Parallel masking of a single table

The parallel update of a single table works in this way:

  • The main table process prepares pool of 3 Writers. Each one of them is checking if BlockingQueue has items to write. If queue is empty, Writers are just been blocked.

  • The main table process reads all RowIDs for current table into ResultSet. Then it iterates through that ResultSet and adds to a dedicated list of RowIDs. When size of that list reach 10_000 items, it creates instance of Reader with parameters of RowIds and clears that dedicated list of RowIDs

  • Each Reader reads data using RowID as WHERE clause, masks data in the java engine and puts results to BlockingQueue . It uses the provided fetchSize to read the data from DB.

  • Once data appears in blocking queue each writer begins to collect records for writing until their buffer reaches batchSize parameter.

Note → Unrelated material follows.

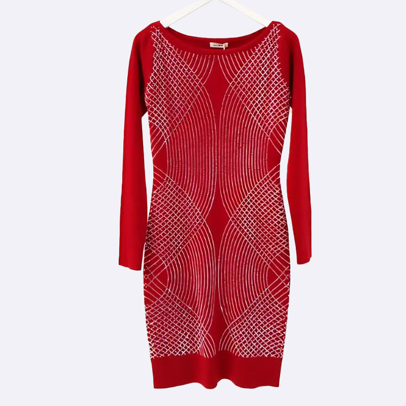 فستان قصير بأكمام طويلة بتصميم متلألئ
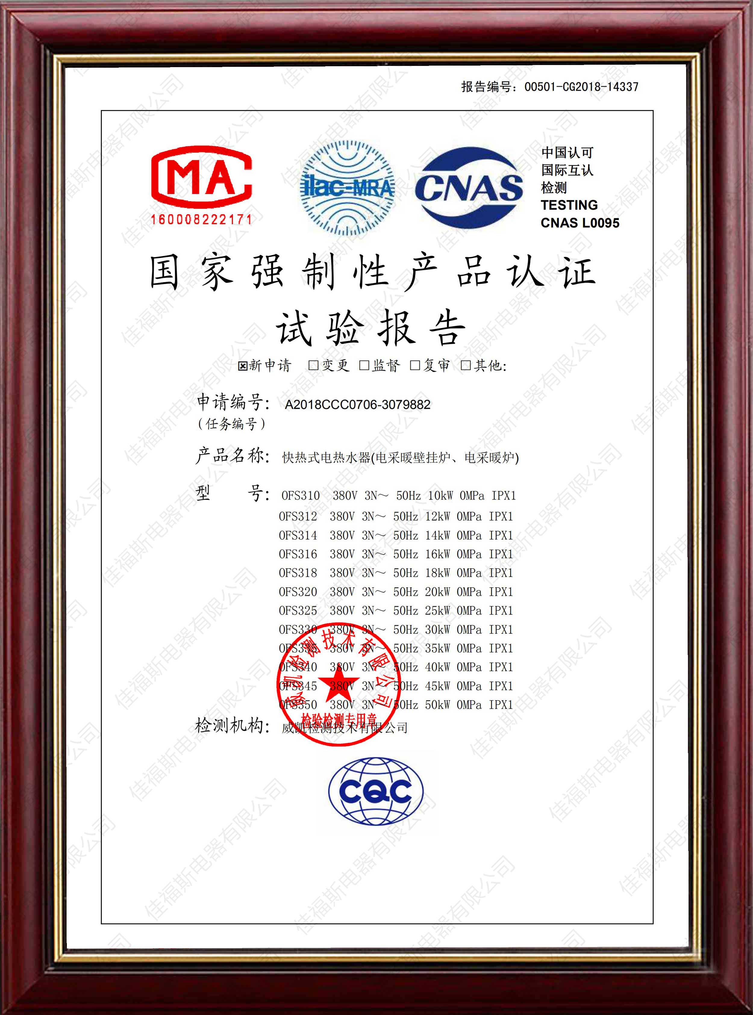 佛山市順德區佳福斯電器有限公司,坐落在家電之都 ——順德,是一家集科研、 新產品開發的大型家電生產基地, 專門從事研發、生產世 界一流的采暖設備、熱水設備等供暖供生活熱水的電器產品,成功開發了四大類一百多 個品種規格的產品, 廣泛應用于家庭、學校、機關、部隊、醫院、賓館、工廠宿舍等。 其產品安全、高效、方便、節能、環保,深受國內外廣大用戶的喜愛。 佳福斯以創新科技為目標,本公司投入巨資, 耗時多年,終于達到 了改寫電加熱技術的新篇章,它的安全性和耐用性是現在全世界同類 產品無可比擬的,佳福斯擁有大規模的生產工廠,專業生產電加熱的 核心部件加熱體, OEM貼牌以及品牌機, 它通過強制性認證, 結構獲得專利, 通過電加熱技術的改寫以及新思路,佳福斯將引 領供暖供熱水設備進入新潮流,為人類共享快樂,真正帶給人們溫暖。

After that Writer writes masked data to the DB using updates.

  • The BlockingQueue here is a good negotiator and balancer between Readers, Writers and allocated memory

  • If BlockingQueue is not empty and all Writers have full buffer (it means that they all are busy now writing data to the DB) then the main table process adds new instance of Writer.

  • Max number of Writers is 3 (it's BlockingPoolExecutor with capacity 3)

  • BlockingQueue has a hardcoded limit - 100_000